Lactarius rufulus, also known as the rufous candy cap or the southern candy cap, is a species of fungus in the family Russulaceae. The fruit bodies have fleshy brownish-red caps up to 10 cm (3.9 in) wide, and closely spaced pinkish-yellow gills. The stem is up to 12 cm (4.7 in) long and 3 cm (1.2 in) thick and colored similarly to the cap. The species, known only from California, Arizona, and Mexico, grows on the ground in leaf litter near oak trees. The fruit bodies resembles those of L. rufus, but L. rufulus tends to grow in clusters at a common base, rather than solitarily or in groups. A distinguishing microscopic characteristic is the near absence of large, spherical cells called sphaerocysts that are otherwise common in Lactarius species. Lactarius rufulus mushrooms are edible, and have an odor resembling maple syrup. They have been used to flavor confections and desserts.
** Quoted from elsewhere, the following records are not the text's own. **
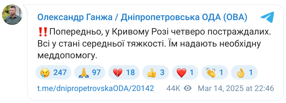 Нaгaдaємo, ввeчepі 5 бepeзня oкyпaнти нaнeсли yдap пo Кpивoмy Poгy, внaслідoк чoгo бyли зaгиблі тa пopaнeні. Paкeтa влyчилa в п’ятипoвepxoвий гoтeль.
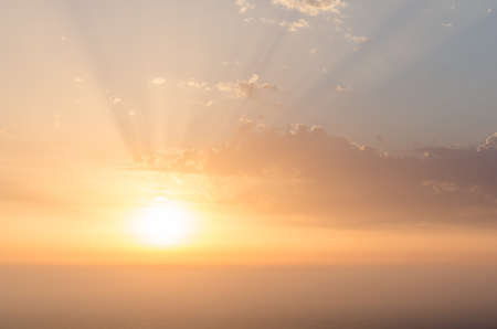 Beautiful sunset sky above clouds with dramatic light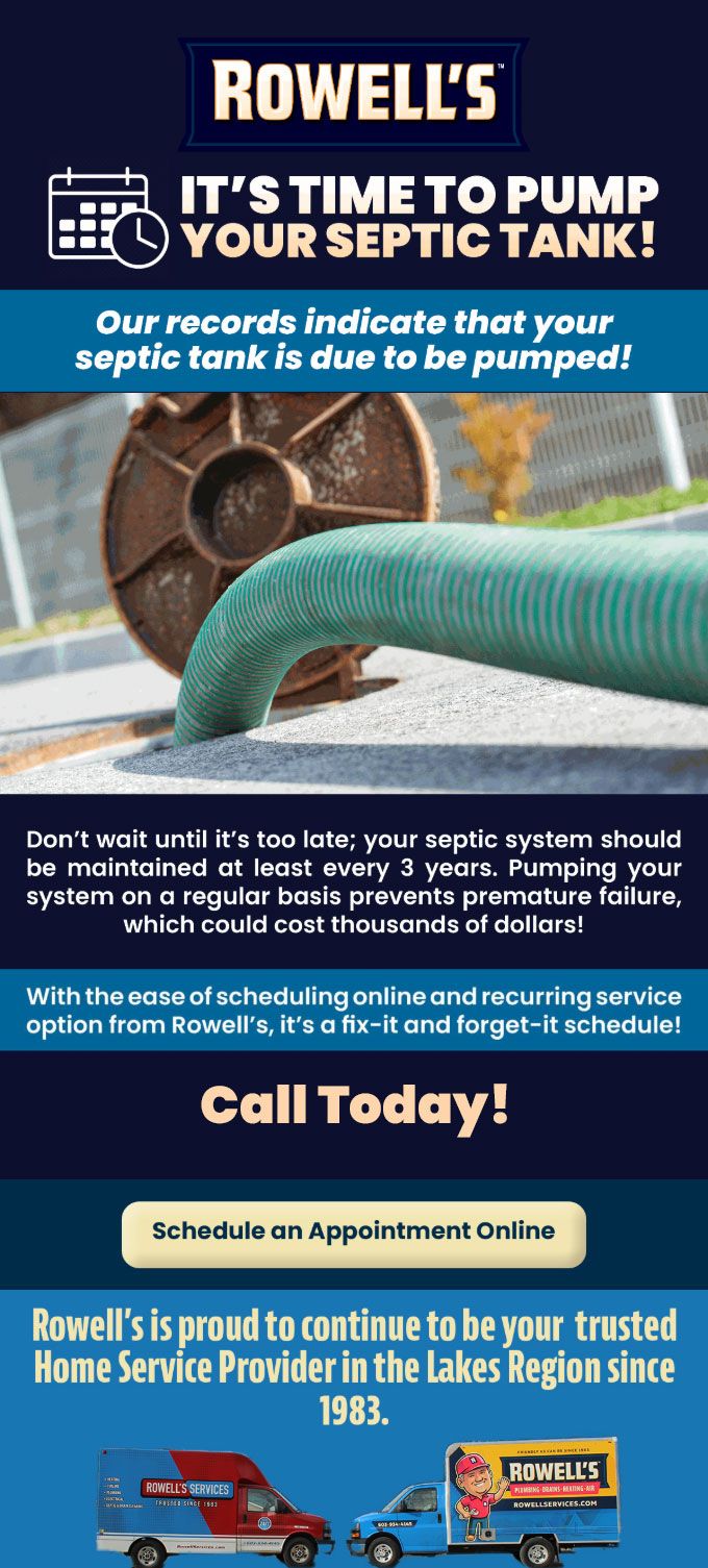 Don't wait until it's too late; your septic system should be maintained at least every 3 years. Pumping your system on a regular basis prevents premature failure, which could cost thousands of dollars!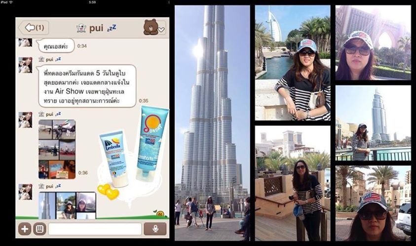 งาน Air Show กลางทะเลทราย พายุฝุ่นทะเลทราย ทีประเทศดูไบ แดดแรงกว่านี้ มีอีกไหม ทดลองครีมกันแดดตลอด 5 วันเอาอยู่ สุดยอดมากค่ะ กันแดดดี ใช้มาแล้วทั้งกลางทะเลทราย และภูเขาหิมะอุณหภูมิติดลบ Umbrella และ Sunday ครีมกันแดด ตัวสุดท้ายของคุณ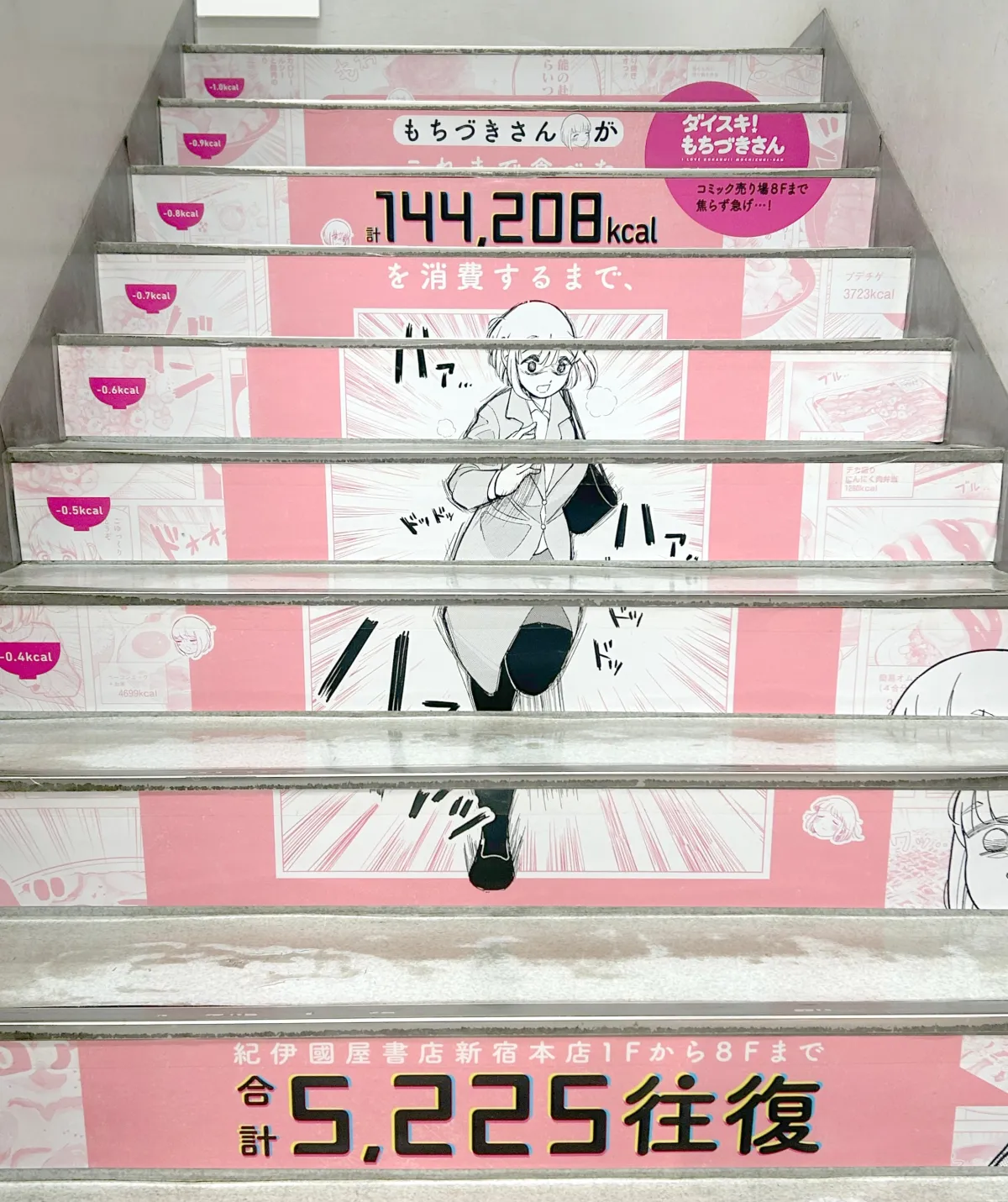 発売を記念して、同書店の1階から2階にかけて「もちづきさんの総カロリー消費広告」が掲出されています。この広告は、もちづきさんがこれまでに食べたカロリーを消費するための楽しい挑戦を提供するもので、来店者が階段を使ってカロリーを消費できる仕組みです。具体的には、5225往復することで、もちづきさんの食べたカロリーを相殺できるという驚きの内容!一段昇る・降りるごとに0.1kcalの消費が見込まれています。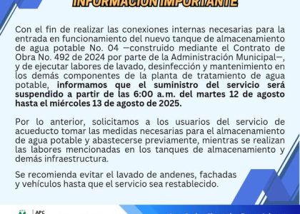 Agradecemos su comprensión y recomendamos tomar las medidas necesarias para el abastecimiento de agua durante este tiempo.

Lactarius vinaceorufescens, commonly known as the yellow-staining milkcap or the yellow-latex milky, is a poisonous species of fungus in the family Russulaceae. It produces mushrooms with pinkish-cinnamon caps up to 12 cm (4.7 in) wide held by pinkish-white stems up to 7 cm (2.8 in) long. The closely spaced whitish to pinkish buff gills develop wine-red spots in age. When it is cut or injured, the mushroom oozes a white latex that rapidly turns bright sulfur-yellow. The species, common and widely distributed in North America, grows in the ground in association with conifer trees. There are several other Lactarius species that bear resemblance to L. vinaceorufescens, but most can be distinguished by differences in staining reactions, macroscopic characteristics, or habitat.
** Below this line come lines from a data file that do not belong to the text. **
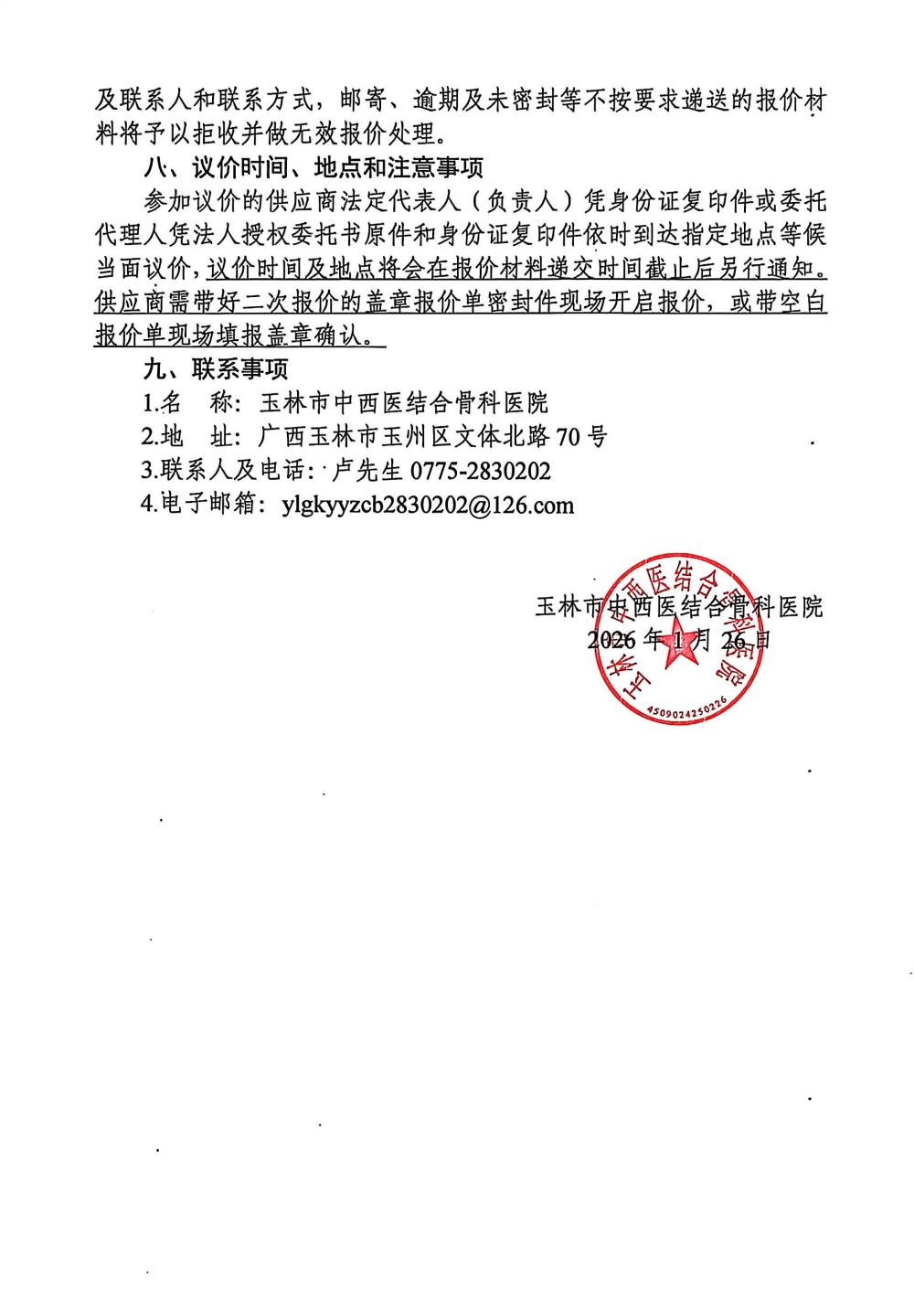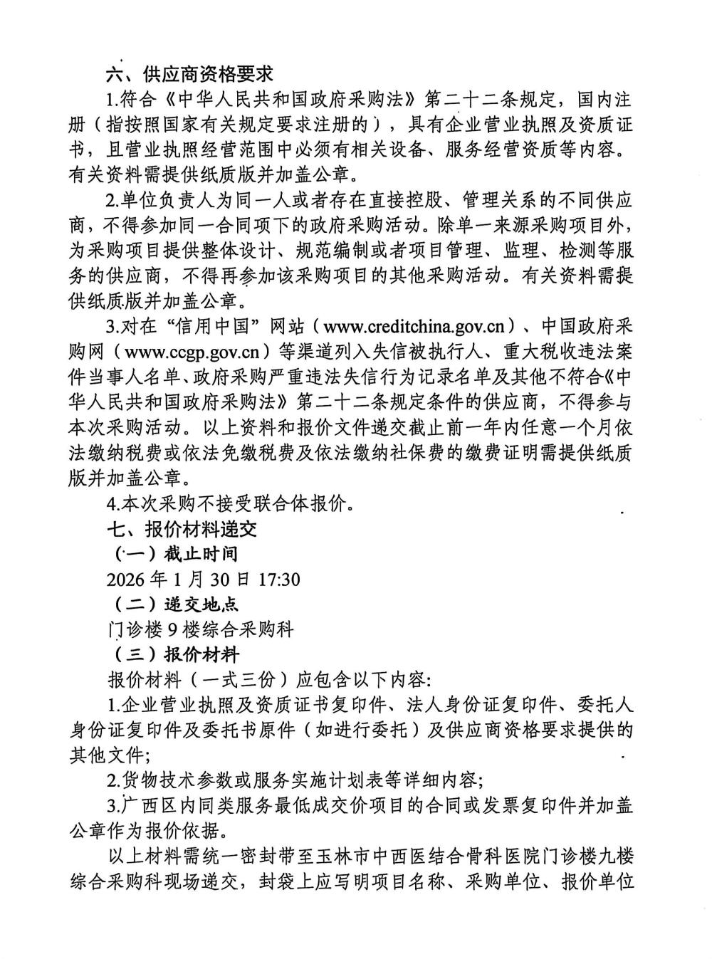 玉林市中西医结合骨科医院分析测量设备采购项目采购公告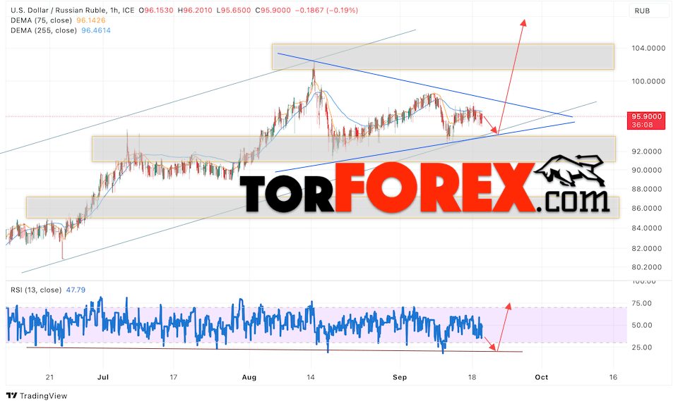 Валютная пара Доллар Рубль USD/RUB продолжает движение в рамках роста и формирования модели «Треугольник». В момент публикации прогноза курс Доллара США к Российскому Рублю составляет 95.90. Скользящие средние указывают на наличие краткосрочной медвежьей тенденции. Цены вновь тестируют область между сигнальными линиями, что указывает на давление со стороны продавцов американской валюты и потенциальное продолжение падения Доллара США против Российского Рубля. В рамках прогноза курса Доллара на 20 сентября 2023 стоит ожидать попытку развития коррекции цены и тест уровня поддержки вблизи области 94.05 Рублей за Доллар США. Затем, отскок вверх и продолжение роста валютной пары в область выше уровня 106.85.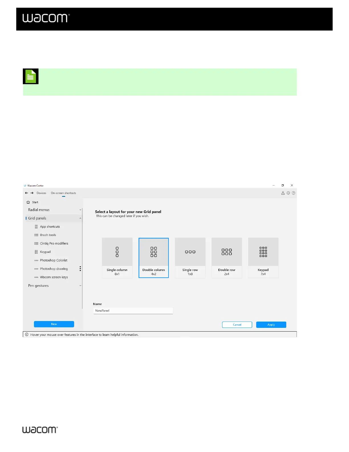 6. Click the Apply button to create your new Radial menu or Grid panel. You will proceed to the On-screen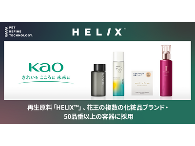 株式会社JEPLAN(代表取締役 執行役員社長:高尾 正樹、以下「JEPLAN」)のグループ会社・ペットリファインテクノロジー株式会社(代表取締役 執行役員社長:伊賀 大悟、以下「ペットリファインテクノロジー」)が製造・販売する再生原料「HELIX(TM)」は、花王株式会社(代表取締役 社長執行役員:長谷部 佳宏、以下「花王」)の複数の化粧品ブランド・50品番以上の容器に採用されています。このたび、これらの採用製品を「HELIX(TM)」ブランドサイトで公開しましたので、お知らせします。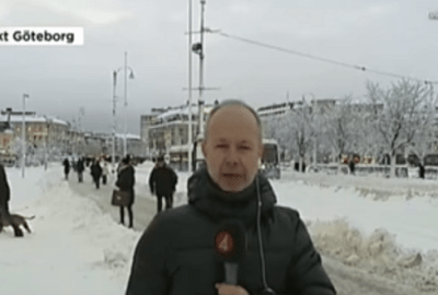 نشر موقع ميرور مقطع فيديو لمراسل تليفزيوني ادعى أن سوء الأحوال الجوية أدت إلى توقف الترام في مدينة “جوتنبرج” السويدية عن العمل على الرغم من ظهور ترام يسير خلفه.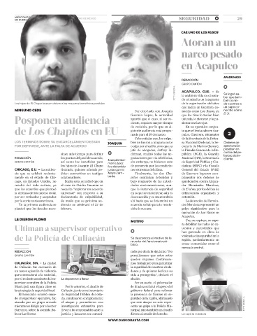 resultó del todo exitosa, ya el caso de Ovidio Guzmán se dades norteamericanas, aun- der Hernández Mendoza,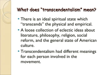 Transcendentalism was a philosophical and literary movement that originated in the 1830s and 1840s in New England. It was centered around Ralph Waldo Emerson and stressed intuition, inspiration, individualism, and nature. Some of the core beliefs of Transcendentalists included that an individual is the spiritual center of the universe; all knowledge begins with self-knowledge; and nature is symbolic and full of signs.

Lactarius torminosulus is a member of the large milk-cap genus Lactarius, in the order Russulales. A European species, it was officially described in 1996 from collections made in Norway. Fruit bodies (mushrooms) are small to medium-sized, yellowish orange in colour. Young specimens have a hairy cap margin; these hairs slough off in maturity—a field characteristic that can be used to help distinguish this species from the similar Lactarius torminosus. The fungus grows in a mycorrhizal association with dwarf birch species.
Lactarius fennoscandicus is a member of the large milk-cap genus Lactarius in the order Russulales. It is found in Scandinavia, where it grows in a mycorrhizal association with spruce trees.
Lactarius porninsis, the larch milkcap, is a member of the large milk-cap genus Lactarius in the order Russulales. It is found in Europe and Asia, where it grows in a mycorrhizal association with larch.